The End Result for “Religious but Foolish” Men and Women
You shouldn’t be deceived when you become discouraged by how vicious, religious, yet foolish men or women can be. They will always come to a tragic end, for God will not be mocked. A lack of integrity will always be found out.
I have watched my own life and the lives of those around me for 72 years. My particular field of view has been churches and the Christian communities where I’ve ministered.
The church is often, sadly, a microcosm of the world. Many churches contain both wise and foolish men and women. Jesus was the one who declared that there would be both “wheat and tares” even in the church, i.e., people who were genuine believers and those who profess to be believers but are not.
It was the religious but lost people who led the crowd to crucify Jesus because He challenged control of their lives and institutions. If a man has not submitted to Christ (although he professes to be religious), he can be very dangerous and destructive. He is capable of nefarious things while proclaiming his innocence and supposed spirituality.
The End of the Godlessly Religious
The book of Proverbs is filled with contrasts between the wise and the foolish. It tells you exactly what they will do and how they will end.
I have watched small, loud groups of controlling people in many churches. I’m watching one now as they are destroying a church and a good pastor…and they are relentless. And they’re doing it publicly. It is discouraging and disturbing, but it is not the first time.

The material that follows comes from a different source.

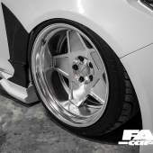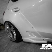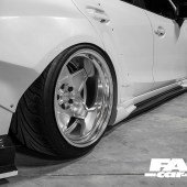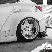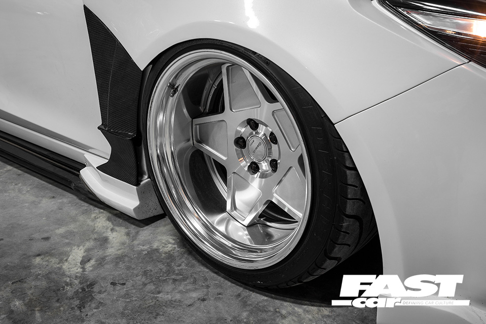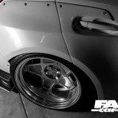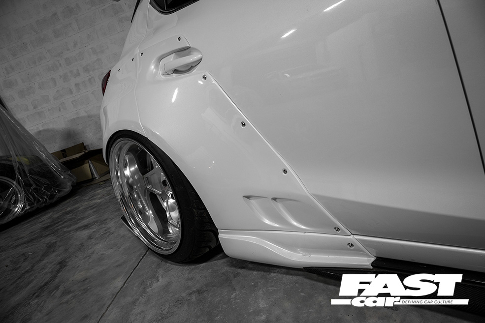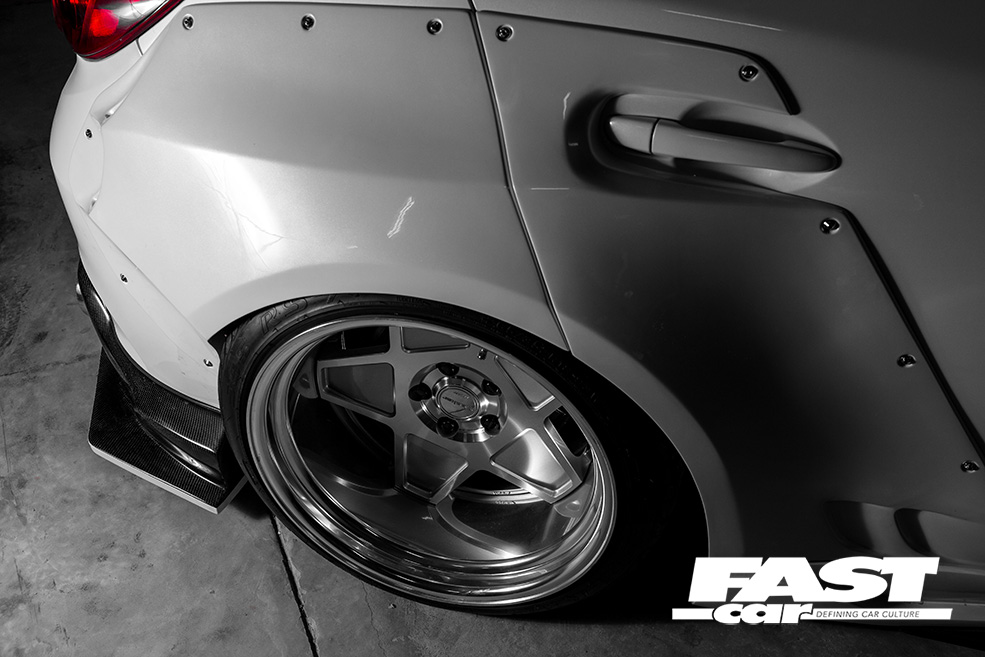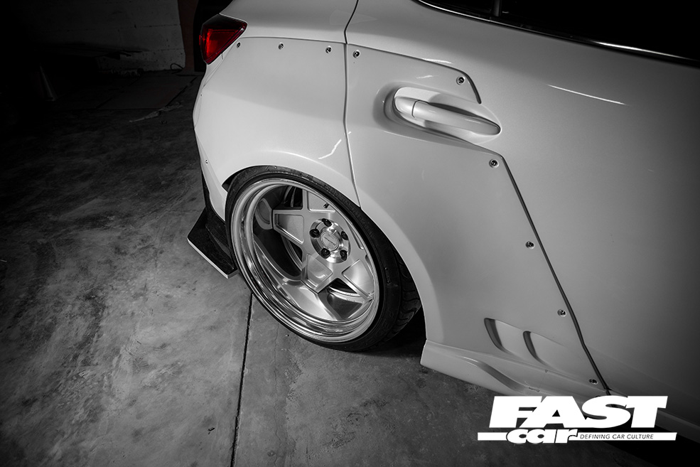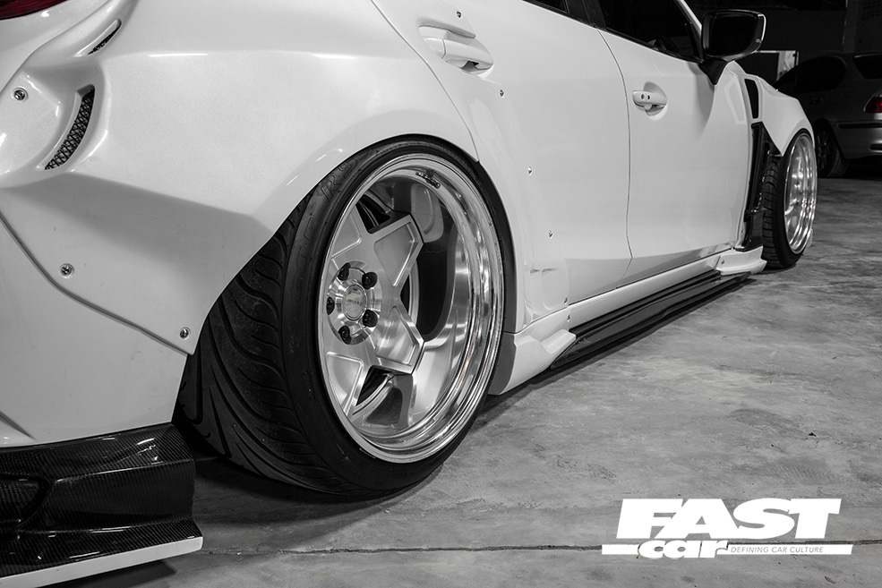 Supachet was overjoyed. But a nagging thought kept crossing his mind: his freshly slammed machine needed slamming rims. Hop-Up were only too happy to help. “As soon as we finished the air suspension,” they explain, “Supachet started looking for new wheels. We had a set of WORK Seeker SX alloys in our workshop and they caught his eye – he was really keen to put them on his car.” His heart was set on the deep dished five-spokes, but Hop-Up had a reality check in store: they just wouldn’t fi t without a set of wider arches. Luckily, Lhee had a solution. “Polly at Garage Unique is a friend of mine, so I suggested Supachet send his car there for a widebody kit.”

Most pastors I know (including me) have been on the receiving end of some controlling individuals in a church at some point, particularly when good leaders are trying to bring about needed change. It’s never pretty and is designed by the great Enemy to hinder the gospel and destroy the light of God’s church. What’s particularly disturbing is those in the middle—humble, well-meaning people who get confused by the loud voices of others. And also tragic, is the ammunition a church fight gives to the Enemy as he seeks to keep people in the world away from God and His kingdom.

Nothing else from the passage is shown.